Maybe it’s time to return to first principles. Just maybe, game designers can find more fruitful “paths not taken.” If so, Chris Crawford on Game Design is the place to begin.

Chris Crawford is the seminal thinker in the field. Back in 1979, he hired on as Atari’s manager of games research, reporting to the legendary Alan Kay. His 1982 classic The Art of Game Design shaped an entire generation of game designers. He’s been a key influence on titles ranging from SimEarth to LucasArts’ 2001 Star Wars: Rogue Leader -- Rogue Squadron II.

More than anyone else, he’s wrestled with the deepest questions about what makes games great.

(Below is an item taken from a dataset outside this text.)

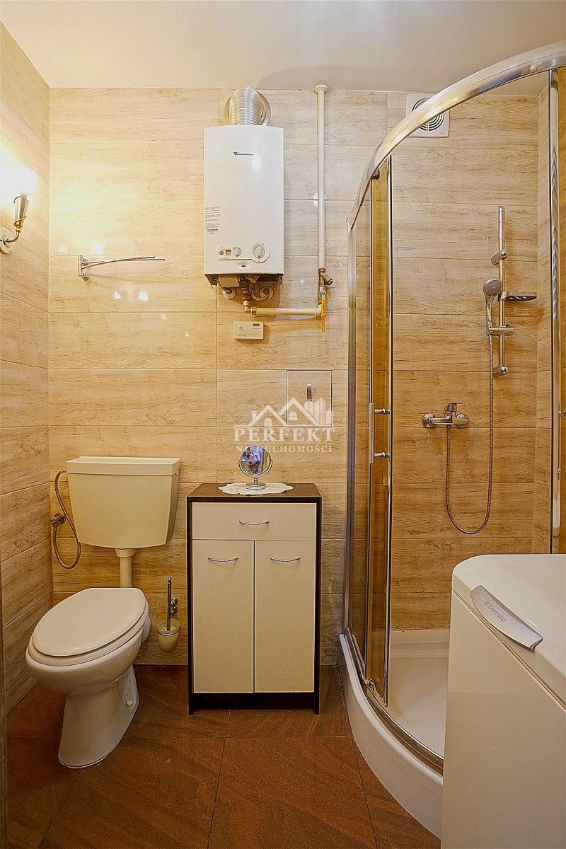 ▶ łazienka w glazurze z nową armaturą i podgrzewaczem wody typu Junkers

This book brings together his best ideas, and every game designer should hear them.

To begin with, do you really understand play? “Play is a complex and tricky human behavior. We dismiss it too readily as child’s activity, and therefore something devoid of depth and richness, but in fact play extends far beyond the realm of the child and touches a wide range of human life.”

Play can be many things, all having deep importance to game designers. For instance, it can be metaphor: a representation of something else. Sure, combat flight simulators represent the combat pilot’s experience (with the endless stretches of boredom edited out). But what did Pac-Man simulate? Nothing.

It does, however, offer a frighteningly perfect metaphor for life: “We rush about, collecting some meaningless dots… while bad guys chase us, just waiting to trip us up on some minor mistake. It's frantic, it's mechanical, it's relentless -- it's just like our daily lives.” And that’s why it had far more resonance (and success) than 99 percent of today’s photo-realistic RPGs.

Play needn’t be exotic, but it must be -- and feel -- safe. When unpleasant surprises set a player back substantially, they harm game play: “If the player fears mines lurking underneath every step, he won't take many steps” -- and won’t have much fun, either.

Every game needs a strong challenge. How do you design one that’s worthy -- and unambiguous? What types of mental challenges you can place before your players? What’s the nature of sensorimotor challenge, and the meaning of the “videogamer’s high”? What can you do with spatial reasoning, sequential reasoning, pattern recognition -- or the underappreciated social reasoning?

How do you use conflict to make a game truly personal? Why is “high” interactivity better than low? How do you build games that listen well to players, think well about their inputs, and produce clear, expressive outputs?

All this just scratches the surface. Crawford discusses why creativity is all too often missing from today’s games (and what to do about it); how to avoid common errors in game design; and much more. There’s even a full chapter of “Games I’d Like to Build,” in which Crawford invites you to beat him to the punch.

Same-old, same-old won’t do it anymore. Transcend it, with Chris Crawford on Game Design. Bill Camarda

Bill Camarda is a consultant, writer, and web/multimedia content developer. His 15 books include Special Edition Using Word 2000 and Upgrading & Fixing Networks for Dummies, Second Edition.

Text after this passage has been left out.